The senior team sat down for a twenty-minute exercise. Eight categories, three minutes each, one simple question each time: where inside our work, in the last month, has something like this shown up?

Before the scan, the team's working belief was that they did not know where AI fit in their work. After the scan, they had fourteen candidates on a whiteboard. Nine of them were surprises to the executive in the room. Three were serious enough to test inside the next month.

The team had not become smarter in twenty minutes. They had borrowed the right lenses.

What this piece is

Most organizations are told to find AI use cases. The instruction is useless because they do not know where to look. An hour of open-ended brainstorming usually produces the same three ideas (write faster, summarize longer, draft first passes) and an exhausted team. Pattern recognition, the first of the three layers of sandbox work, is what replaces open-ended hunting with a disciplined scan.

There are eight canonical patterns where AI value tends to hide in real organizational work. Knowing them is the difference between we should do something about AI and there are three places this might fit; let's test two of them in the next six weeks.

The patterns are not ranked, and they are not a menu. They are a catalog. Running through all eight, in turn, once a quarter, is the discipline. Each pattern has four things worth writing down: the shape of the opportunity, the kinds of examples it produces, the type of value it promises, and the typical trap the pattern lays if you take it without discernment.

A note on the frame. You are not generating ideas. You are scanning your existing work through eight lenses. The work is the work you already have. The patterns do not ask you to imagine new programs, new audiences, new products. They ask you to look at what you are already doing and notice where eight specific kinds of opportunity hide inside it.


Pattern 1. Repetition

Shape. Tasks your organization does over and over, largely similar each time, that consume real staff time.

Examples. Donor thank-you emails. Meeting recaps. Weekly internal summaries. Intake notes. Event confirmation sequences. Board report preambles. Volunteer onboarding communications. The work that gets done every week by somebody who has stopped thinking about it as work and started thinking about it as an inbox.

AI value type. Speed. Often large speed gains, because repetition is exactly what generators are good at.

Typical trap. Speed applied carelessly to repetition erodes the relational signal the repetition was quietly carrying. A donor thank-you note is repetitive for the staff and not repetitive for the donor; the donor experiences this specific note, on this specific gift, at this specific moment. The staff's experience of repetition is not the recipient's. The pattern is real and the danger is real. Repetition-category use cases almost always need to be paired with an explicit answer to the question what relational signal is this task actually carrying, and how will we preserve it?

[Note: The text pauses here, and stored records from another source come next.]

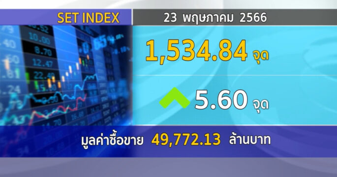 SET ปิดวันนี้ที่ 1,534.84 จุด เพิ่มขึ้น 5.60 จุด (+0.37%) มูลค่าการซื้อขาย 49,772.13 ล้านบาท
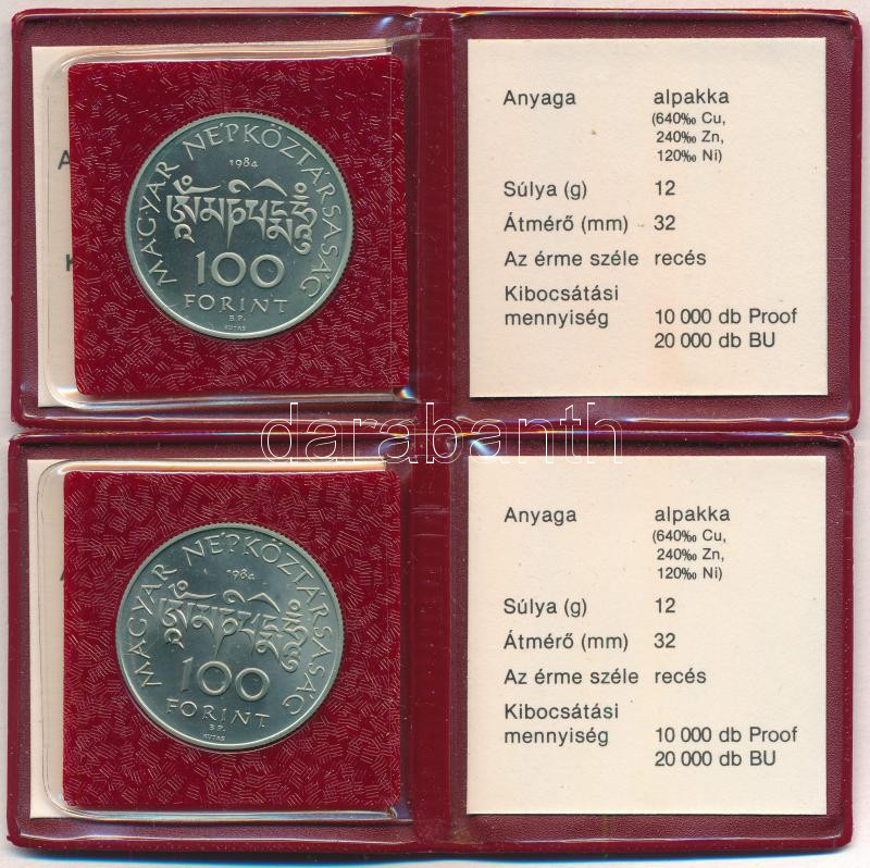 Beschreibung: 1984. 100Ft Cu-Ni-Zn "Kőrösi Csoma Sándor " (2xklf) eredeti műbőr tokban, tanúsítvánnyal T:BU,UNC (PP)
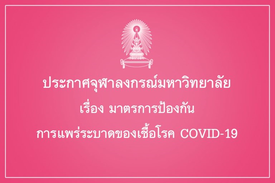 ตามที่มหาวิทยาลัยได้ออกประกาศจุฬาลงกรณ์มหาวิทยาลัย เรื่อง ให้หยุดเรียนหรือหยุดงานในช่วงสถานการณ์โรคติดเชื้อไวรัสโคโรนา ลงวันที่ 27 มกราคม 2563 ไปแล้วนั้น แต่เนื่องจากปรากฏข้อเท็จจริงเป็นที่ประจักษ์ว่า บัดนี้มีผู้ติดเชื้อโรค COVID-19 แล้วเป็นจำนวนมาก และเชื้อโรคดังกล่าวยังได้แพร่ระบาดอย่างรวดเร็วและรุนแรงไปยังหลายประเทศในภูมิภาคต่างๆ ของโลก มหาวิทยาลัยจึงจำเป็นต้องเพิ่มมาตรการป้องกันการแพร่ระบาดของเชื้อโรคดังกล่าว เพื่อมิให้ส่งผลกระทบต่อสุขภาพของนักเรียน นิสิตและบุคลากร ตลอดจนการดำเนินงานของมหาวิทยาลัย
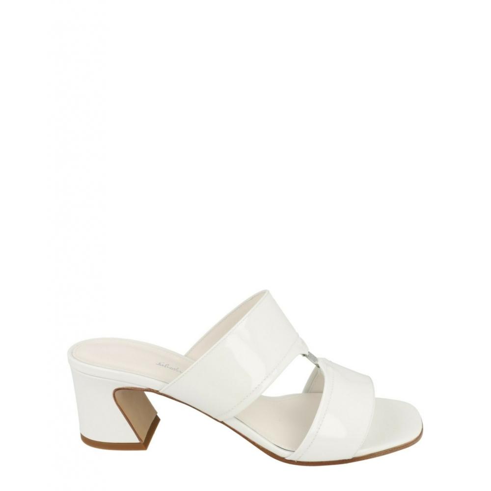 Salvatore Ferragamo Tot 55 Patent Leather Sandals White
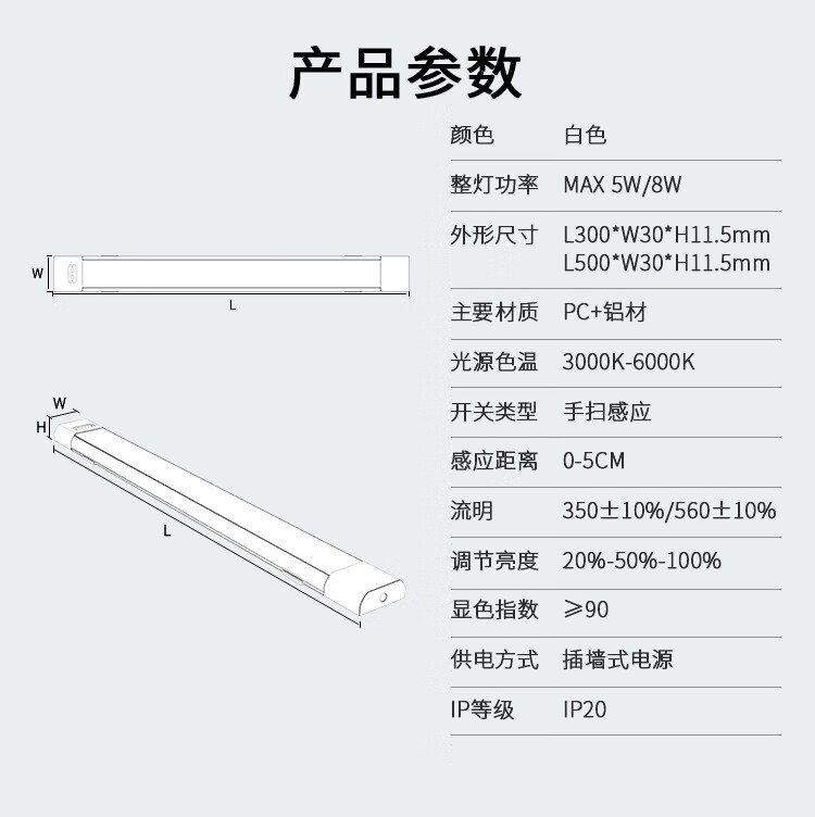 宝斯恩手扫感应灯橱柜书桌吊柜补光LED灯可调色温调亮度航空铝材质家用 手扫感应灯 50CM 8W
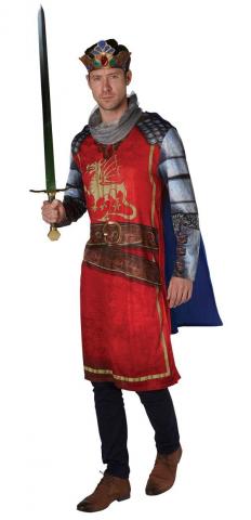 King Arthur costume includes a printed tunic with a detachable cape. To complete the look a crown is also included.

Repetition is named first because it is the most tempting, the most obvious, and the most often misread. Nearly every failed AI rollout in a mission-driven organization has a repetition-category use case at its center.

Pattern 2. Translation

Shape. The same idea, moving to a different audience or a different format.

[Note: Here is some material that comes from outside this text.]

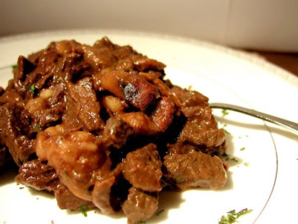 Spezzatino di manzo con marroni, porcini e salsa di soia vota adesso Portata principalefacile55 min Invia questa ricetta ad un amico Stampa la ricetta Contatta l'autore della Ricetta Pubblica la foto di questa ricetta Ingredienti 2 400 g polpa per spezzatino 250 g marroni 70 g cipolla bionda 20 g funghi porcini secchi 1 rametto di rosmarino e qlc. foglia di salvia 1 foglia di alloro 2 bacche di ginepro salsa di soia sale pepe nero olio extravergine di oliva brodo 1 spicchio aglio 1 cucchiaio porto
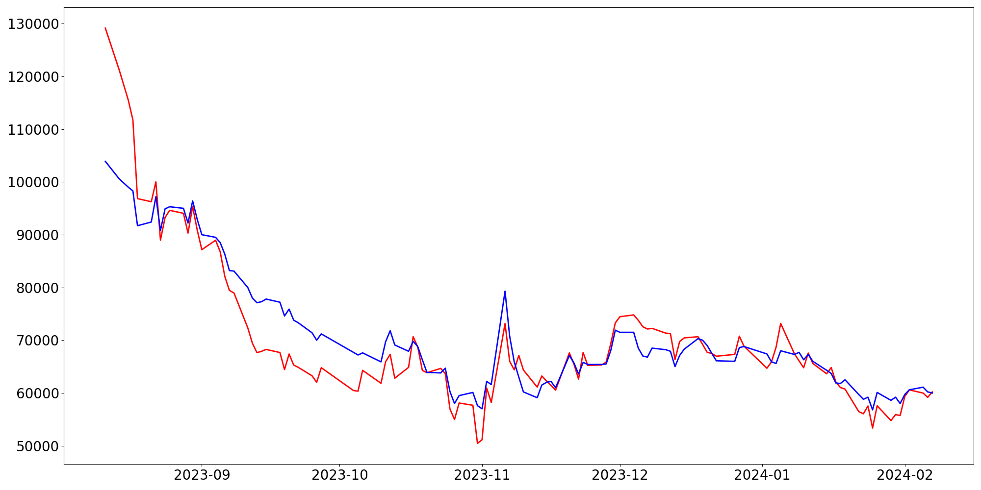 [ - : 실제값(종가) / - : 예측값(종가) ]

Examples. A sermon becoming a small-group guide. A research report becoming a donor-facing two-pager. An internal memo becoming a board brief. A long article becoming five social posts. A complex policy becoming a staff FAQ. The source exists. The translation exists because a different audience needs the same substance in a different register.

AI value type. Scale. One source idea can now reach several audiences with effort that used to require several writers.

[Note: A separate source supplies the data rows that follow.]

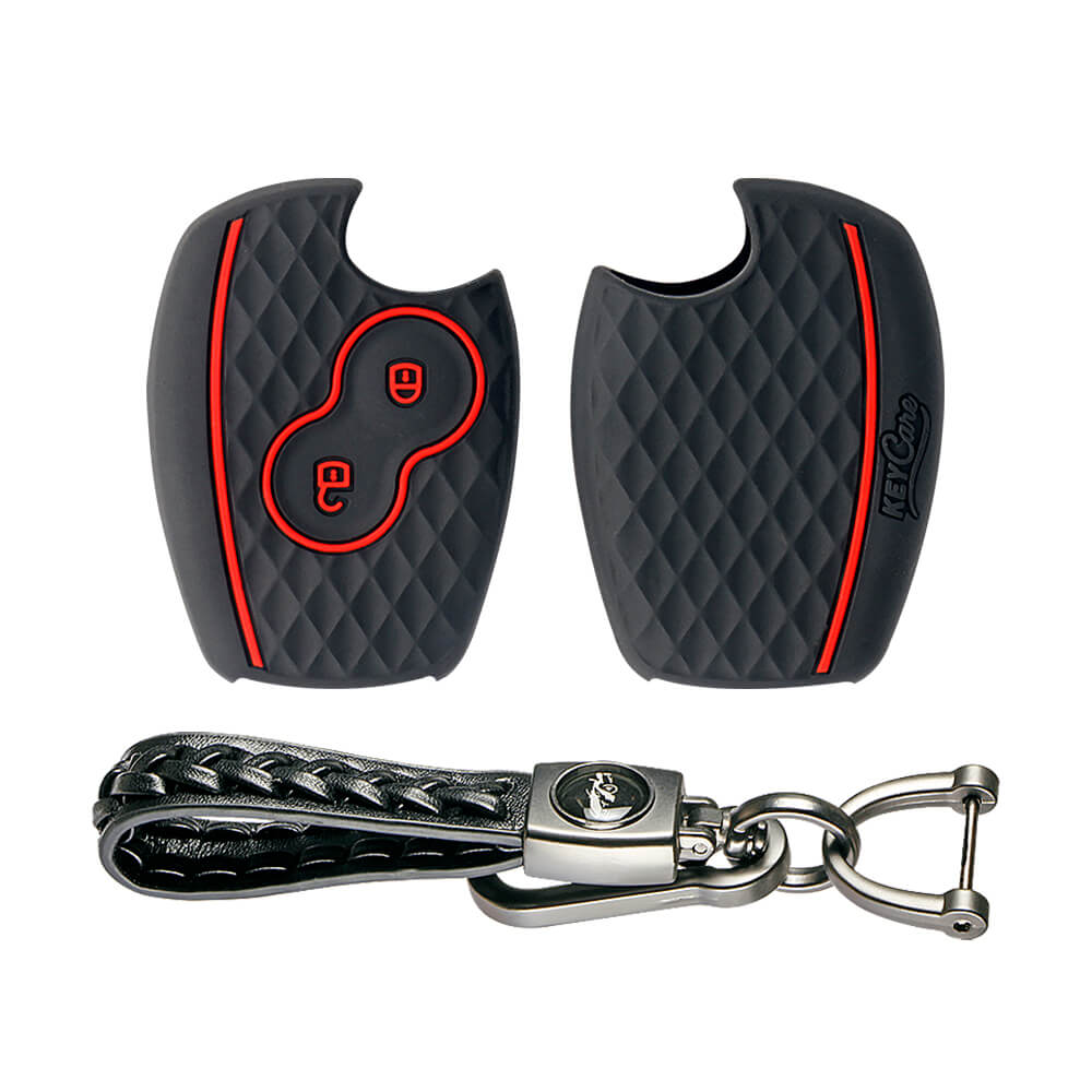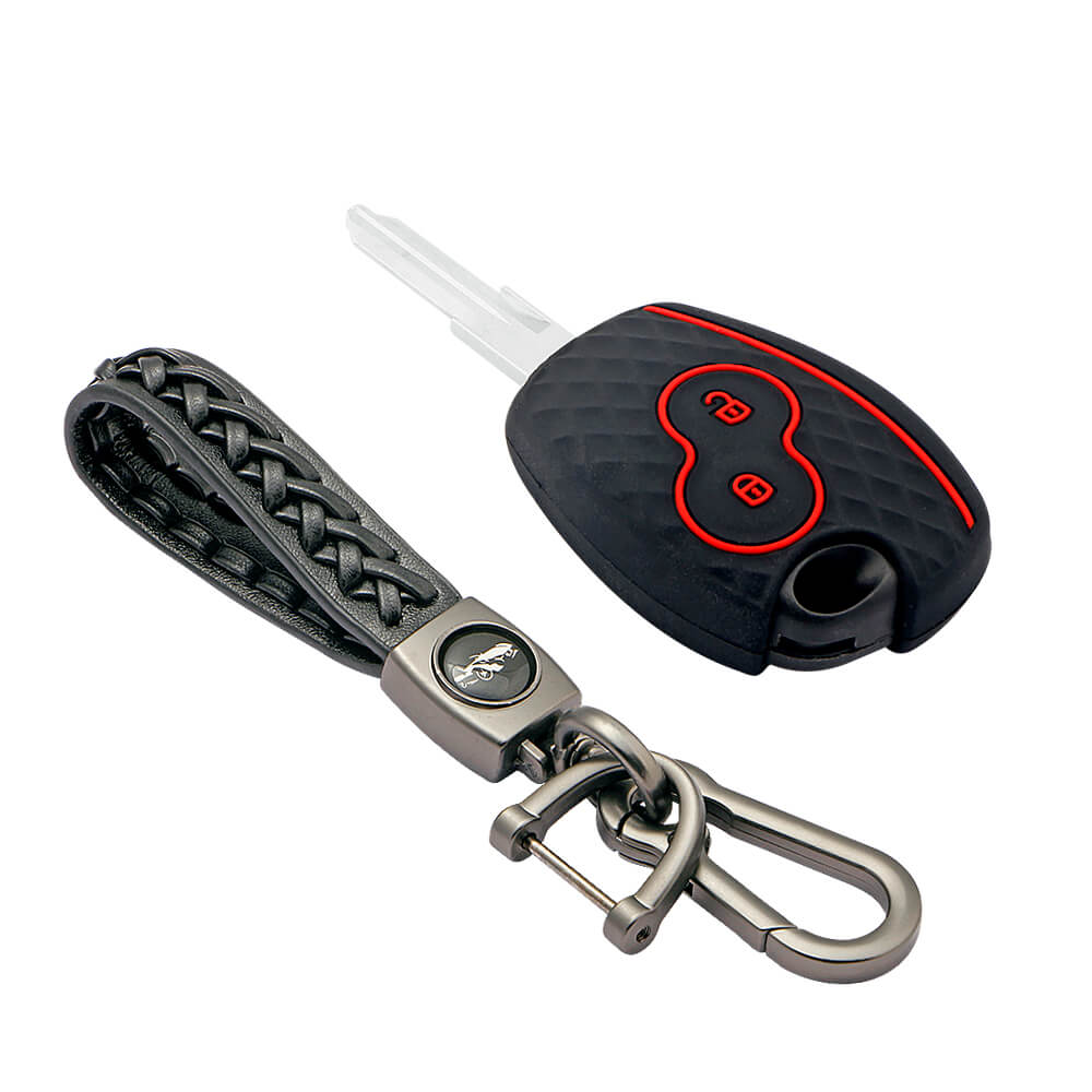 Keycare silicone key cover and keyring fit for : Logan, Duster, Verito, Lodgy 2 button remote key (KC-20, Leather Woven Keychain)
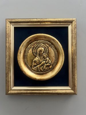 Maica cu Pruncul – icoană din ceramică și foiță aurie
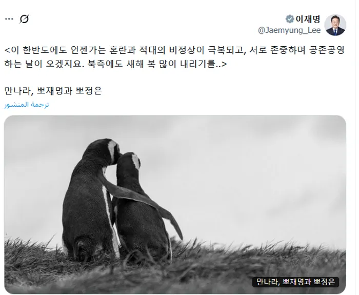 نشر الرئيس الكوري الجنوبي لي جاي ميونج، صورة لبطريقين يتعانقان في رسالة تهنئة بالعام الجديد إلى بيونج يانج، داعيًا الزعيم الكوري الشمالي كيم جونج أون إلى لقائه، حسبما أفادت "فرانس برس".

Typical trap. Translation that flattens the source material into a lowest-common-denominator version of itself. The nuance in the original came from the writer's judgment about what the original audience needed; translation by a general-purpose assistant tends to default to general-purpose prose for a general-purpose reader. The donor-facing two-pager reads like every nonprofit's donor-facing two-pager. The small-group guide reads like every small-group guide. The translation moved. The distinctiveness did not travel with it.

The useful question for any translation-category use case is: what from the original needs to survive the trip, and who is the person responsible for making sure it did? Without an answer, translation becomes sanding.

Pattern 3. Synthesis

Shape. Too much information, needing clarity. Multiple sources, needing one read. Long documents that must be understood but not memorized.

Examples. A thirty-page strategic plan needing a three-page brief. A stack of interview transcripts needing a read across the themes. Six months of board minutes needing a survey for a new member. A literature review needing a working summary. Due-diligence documents needing a triage read before deciding what to look at more closely.

AI value type. Cognition. Augmented reading. The assistant acts as a first pass that lets the human reader arrive at the material with a map instead of from zero.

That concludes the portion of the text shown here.